Why wouldn’t I want to?
Why wouldn’t I want to repeat what someone I don’t even know said about my novel?
Jo-Ellen Sharpe
5.0 out of 5 stars Not your usual Christian cozy
Verified Purchase
Having a voracious appetite for fiction, I have read many murder mysteries from hard boiled to paranormal to innocuously cozy when the evil that men do gets to be too much. As a Christian, however, I have had difficulty finding really good writers who share my world view. Fiction writers who understand that true evil cannot be defeated by mere human good are rare; those who can elevate the conflict to its spiritual level and do it well are rarer still. Michael Hicks Thompson is definitely getting there. The Rector brings the cosmic battle between God and evil to the Delta of Mississippi, where ordinary, unimportant human beings are involuntary soldiers on one side or the other. This is not a book about the paranormal, however. It reads more like Southern Gothic or even Eudora Welty. Unlike Welty’s books, which frequently use single events to throw many characters together, The Rector takes its characters through several connected events over a span of several years. While I have read complaints about this technique, I found its use emphasized the long term nature of the basic conflict.

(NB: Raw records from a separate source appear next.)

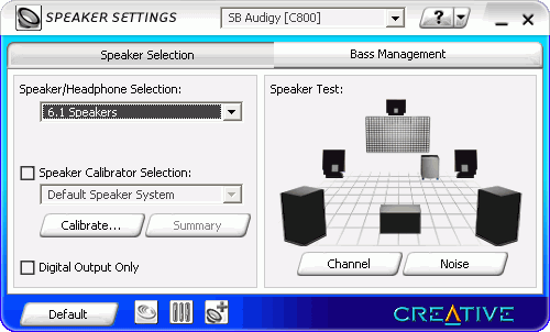 Аллилуйя! Цифровой многоконтактный выход Audigy2 теперь разнесён с аналоговым центрально-сабвуферным! Однако в режиме 6.1 новоиспечённый выделенный аналоговый выход становится четырёхконтактным…
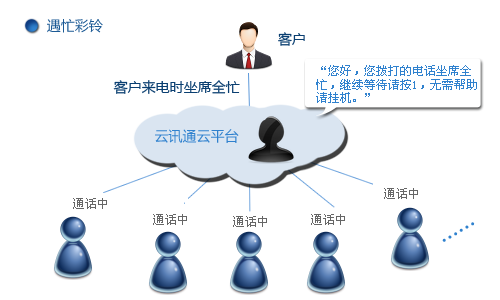遇忙彩铃是打造一个全新、立体的企业形象的业务功能,当企业开通遇忙彩铃业务后,主叫客户在坐席全忙时拨通400号码,提示的不再是“嘟……嘟……”声,而是有声的服务提醒,以达到改善客户服务质量的功能。
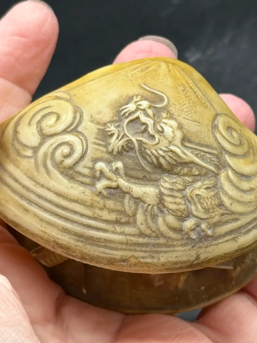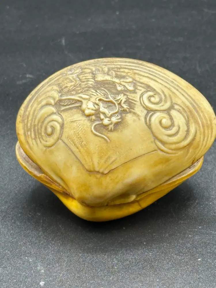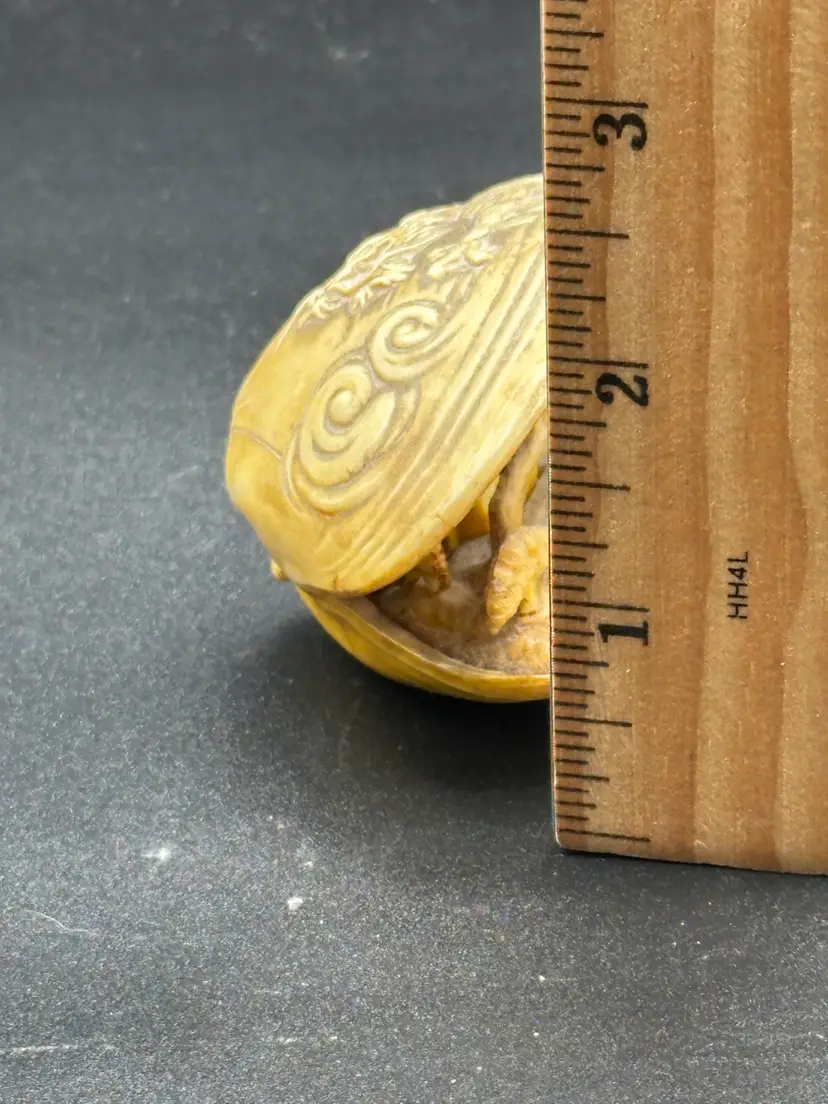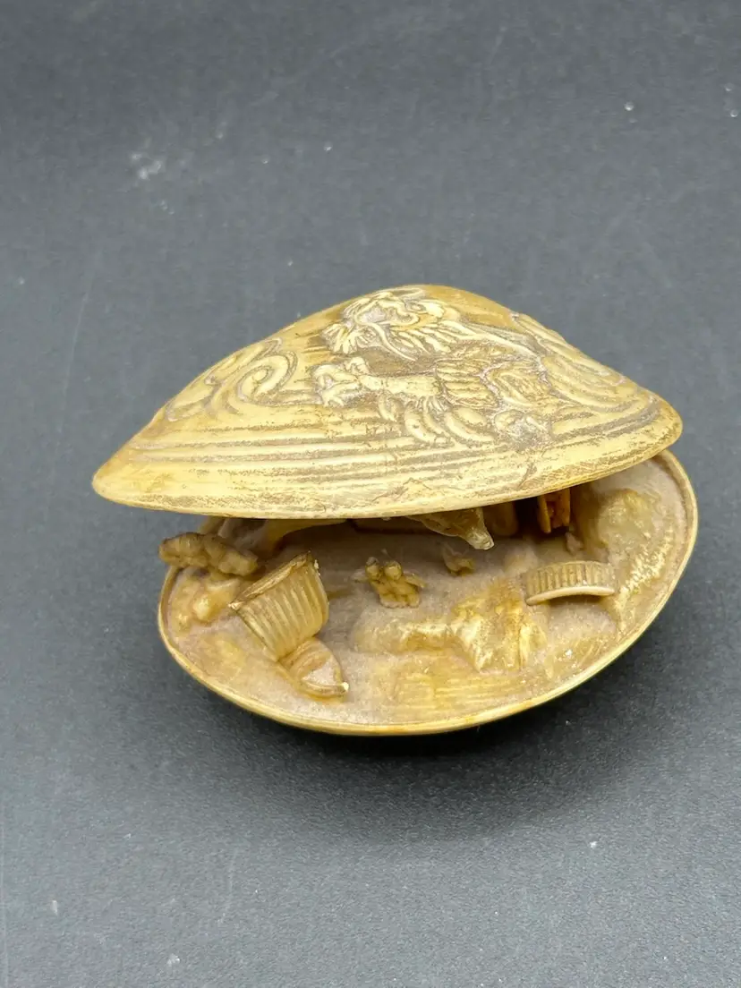 This vintage Japanese folk art figurine from the 1950s is a unique piece of post-war craftsmanship, depicting intricate scenes in a beige color palette. Made of celluloid plastic, it showcases traditional Japanese design and storytelling, reflecting the cultural significance of the era. This Netsuke figurine, originating from Japan, is a charming and nostalgic collectible item that captures the essence of Japanese folk art from the mid-20th century. It’s 3 by 2 ins. Great piece! Water wheel spins!!

My only issues have to do with the book’s setting in a somewhat altered Delta. Of course, most non-Delta residents wouldn’t notice these changes, but there are a few historical discrepancies. (Women weren’t allowed on juries in Mississippi until 1968. Just pointing that out.) Taken as a whole, though, I recommend The Rector to any lover of Southern mysteries but especially to any reader of Christian mysteries who wants to see faith that goes deeper than the church rummage sale.